Iraqi polls open at 11pm EST, less than three hours from now. There's been a lot of talk about what constitutes success for the U.S. and for the Iraqi Interim Government. But just as important, what constitutes failure for the anti-democracy forces?

The Bush Administration has downplayed expectations to such a degree that if most eligible voters cast ballots it will be considered a huge success.

The 'insurgents' have taken the opposite tactic. They have raised expectations for day of nearly omnipresent violence. "Insurgents threatened a bloodbath on Sunday when Iraqis go to the polls." They have posted signs threatening attacks at polling places, calling lines to vote "the queues of doom and death," and promising to "wash Baghdad streets with voters' blood."

Wash the streets? Quite a threat. Remember the Afghan elections? The Taliban threatened the same thing and then evaporated on election day. No one thinks that the Iraqi election will be as calm. Nevertheless, they anti-democracy thugs, whether Ba'athists or Islamist, have a lot riding on a low turn out. It won't be enough for them to murder lots of Iraqis if 75% still cast ballots. I think they need a substanial body count and low turnout to be successful from their perspective.

The terrorists need to keep people from going to the polls. That means they need to scare people enough that they don't vote. Blowing up a polling place 10 minutes before the polls close won't do it. Too many will have voted by then. The terrorists need lots of big, widely-publicized attacks early in the day to terrorize the populace.

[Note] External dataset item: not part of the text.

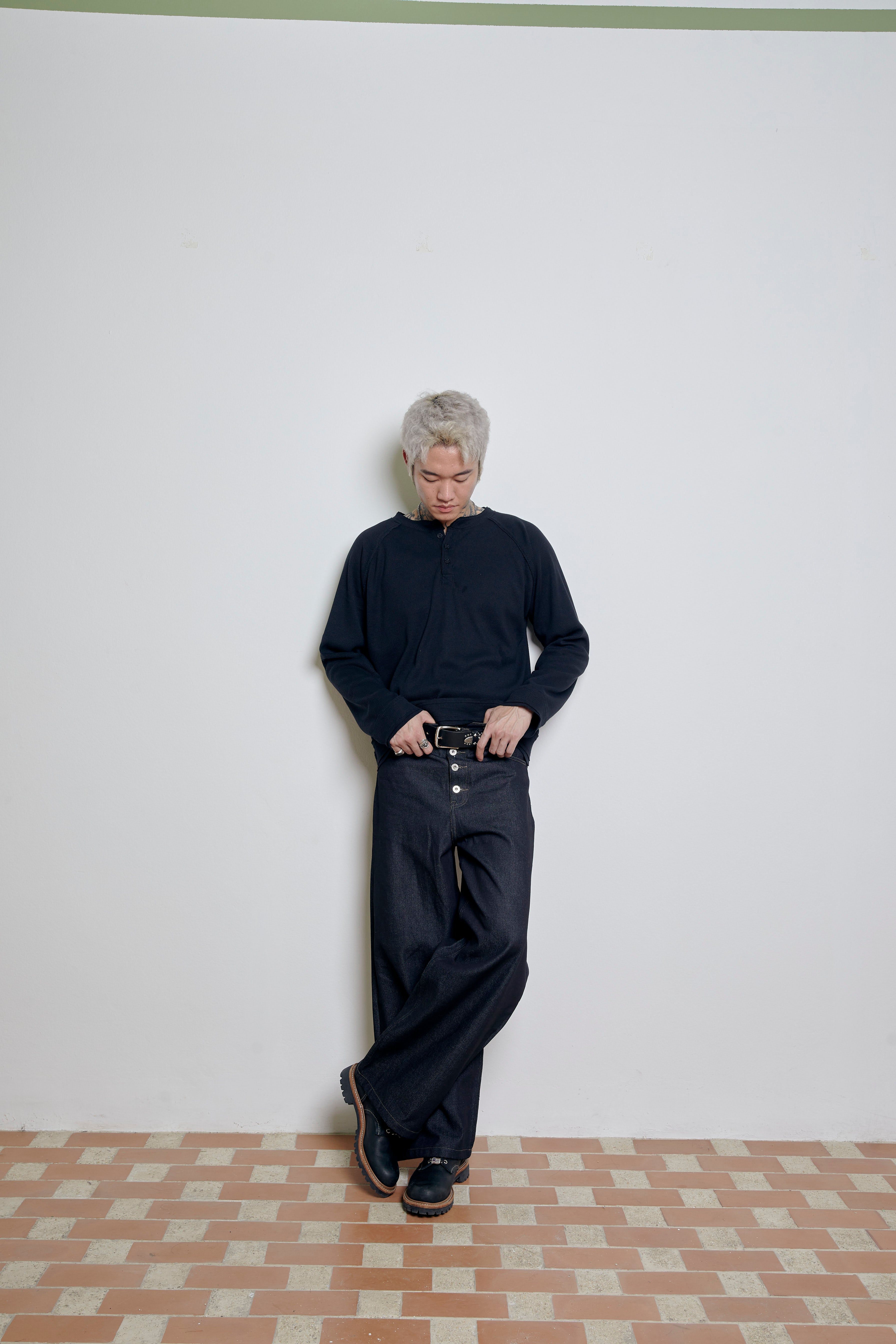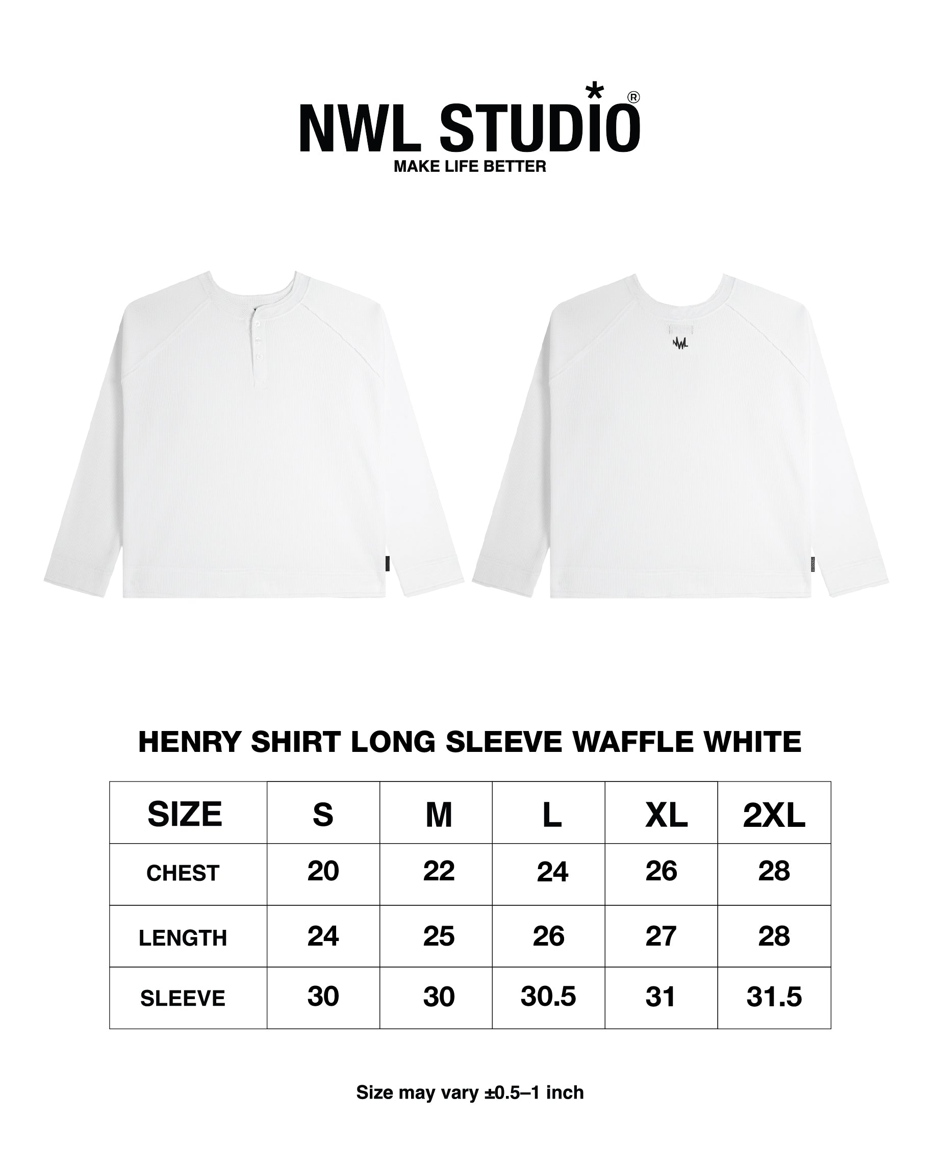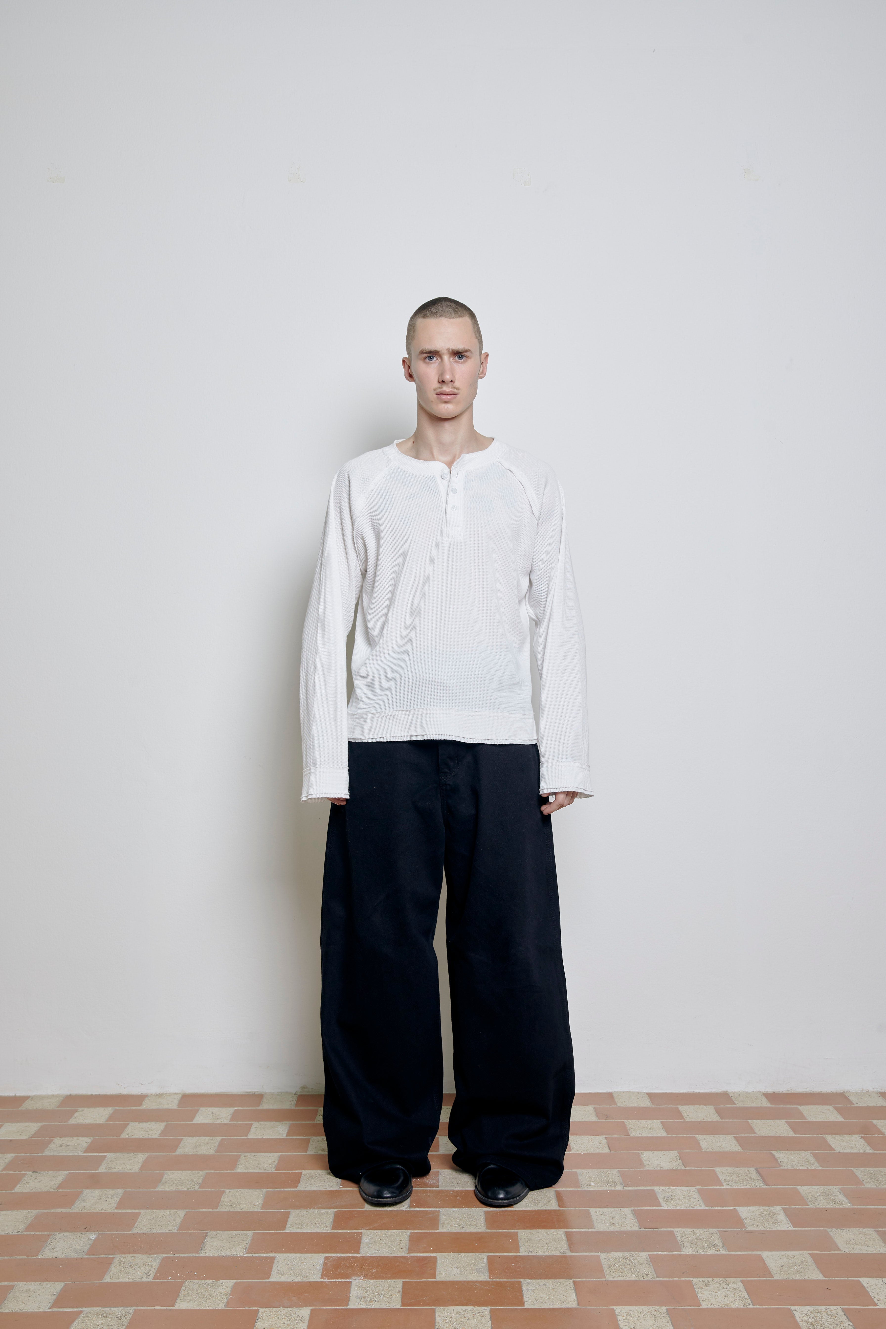Henley White: H eight 177cm. wear M size

Turn on the news at 11pm tonight. If the Coalition Forces can keep the level of violence to what is sadly a norm by Iraqi standards, it will be a huge defeat for the villains, regardless of who wins at the polls.

Update: Welcome Instapundit readers. Pajama Hadin has compiled a list of Iraqi Election links. Thanks for reading. Feel free to leave comments. Additional Iraqi election thoughts, here. Updates on election violence, here.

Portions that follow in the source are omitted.